Unnamed: 0,PostalCode,Borough,Neighborhood
0,M3A,North York,Parkwoods
1,M4A,North York,Victoria Village
2,M5A,Downtown Toronto,Harbourfront
3,M6A,North York,Lawrence Heights
4,M6A,North York,Lawrence Manor


6. Check if there is any _'Not assigned'_ **neighborhood** data

In [6]:
a = Toronto['Neighborhood']=='Not assigned'
a.sum()

0

7. Using apply function, I add **', '** at the end of each Neighborhood name.\
    Using groupby function, I merged the DataFrame.\
    Using apply function, I cut the unnecessary ', ' at the end

In [7]:
Toronto['Neighborhood'] = Toronto['Neighborhood'].apply(lambda x: x+', ')
Toronto_df = Toronto.groupby(by = ['PostalCode','Borough']).sum()
Toronto_df['Neighborhood']=Toronto_df['Neighborhood'].apply(lambda x: x[:-3])
Toronto_df = Toronto_df.reset_index()
Toronto_df.head()

Unnamed: 0,PostalCode,Borough,Neighborhood
0,M1B,Scarborough,"Rouge, Malver"
1,M1C,Scarborough,"Highland Creek, Rouge Hill, Port Unio"
2,M1E,Scarborough,"Guildwood, Morningside, West Hil"
3,M1G,Scarborough,Wobur
4,M1H,Scarborough,Cedarbra


In [8]:
Toronto_df.shape

(103, 3)

### Part . 2

8. Getting latitude and longitude.\
    I kept getting None by using geocode.
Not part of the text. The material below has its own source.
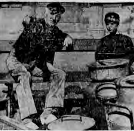
DONALD CRISP takes time from his daily milk route to point out something of interest in the city of Antwerp to his grandson by David Ladd, in this scene from "A Dog of Flanders." CinemaScope-Deluxe Color release, opening at the Georgia Theatre, Picture, taken from the famed classic novel by Ouida, was shot entirely in Belgium and Holland.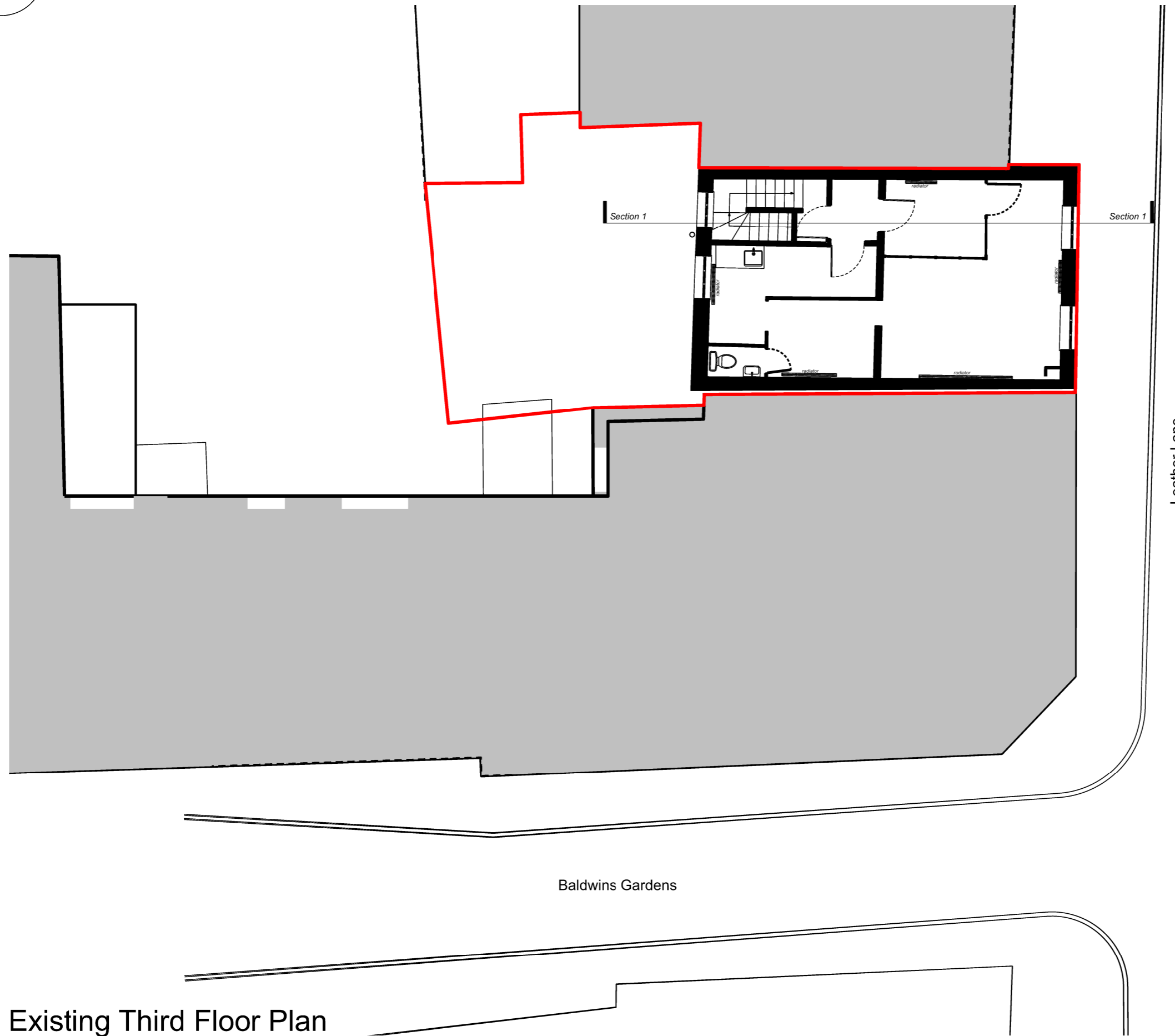
Existing Third Floor Plan

Therefore, I choose the csv file here.

In [9]:
latlng = pd.read_csv(r'Geospatial_Coordinates.csv')
latlng.columns = ['PostalCode', 'Latitude', 'Longitude']
latlng.head()

Unnamed: 0,PostalCode,Latitude,Longitude
0,M1B,43.806686,-79.194353
1,M1C,43.784535,-79.160497
2,M1E,43.763573,-79.188711
3,M1G,43.770992,-79.216917
4,M1H,43.773136,-79.239476


9. Merge this two DataFrame into one.

In [10]:
Toronto_latlng = pd.merge(Toronto_df, latlng, on='PostalCode', how='left')
Toronto_latlng.head()

Unnamed: 0,PostalCode,Borough,Neighborhood,Latitude,Longitude
0,M1B,Scarborough,"Rouge, Malver",43.806686,-79.194353
1,M1C,Scarborough,"Highland Creek, Rouge Hill, Port Unio",43.784535,-79.160497
2,M1E,Scarborough,"Guildwood, Morningside, West Hil",43.763573,-79.188711
3,M1G,Scarborough,Wobur,43.770992,-79.216917
4,M1H,Scarborough,Cedarbra,43.773136,-79.239476


### Part . 3

10. Create a map of Toronto with neighborhoods superimposed on top.

In [11]:
latitude = 43.6532
longitude = -79.3832
map_toronto = folium.Map(location=[latitude, longitude], zoom_start=10)
for lat, lng, borough, neighborhood in zip(Toronto_latlng['Latitude'], Toronto_latlng['Longitude'], Toronto_latlng['Borough'], Toronto_latlng['Neighborhood']):
    label = '{}, {}'.format(neighborhood, borough)
    label = folium.Popup(label, parse_html=True)
    folium.CircleMarker(
        [lat, lng],
        radius=5,
        popup=label,
        color='blue',
        fill=True,
        fill_color='#3186cc',
        fill_opacity=0.7,
        parse_html=False).add_to(map_toronto)  
    
map_toronto

In [None]:
CLIENT_ID = 'HMK2MMTYUEHGBKREGXILXYF245VXGG4CI4OOE05Q0QW1PAT4' # your Foursquare ID
CLIENT_SECRET = '***' # your Foursquare Secret
VERSION = '20180323' # Foursquare API version

print('Your credentails:')
print('CLIENT_ID: ' + CLIENT_ID)
print('CLIENT_SECRET:' + CLIENT_SECRET)

#### Get the access to foursquare

In [28]:
Toronto_latlng.loc[55, 'Neighborhood']
neighborhood_latitude = Toronto_latlng.loc[0, 'Latitude'] # neighborhood latitude value
neighborhood_longitude = Toronto_latlng.loc[0, 'Longitude'] # neighborhood longitude value

neighborhood_name = Toronto_latlng.loc[0, 'Neighborhood'] # neighborhood name

print('Latitude and longitude values of {} are {}, {}.'.format(neighborhood_name, 
                                                               neighborhood_latitude, 
                                                               neighborhood_longitude))

Latitude and longitude values of Rouge, Malver are 43.806686299999996, -79.19435340000001.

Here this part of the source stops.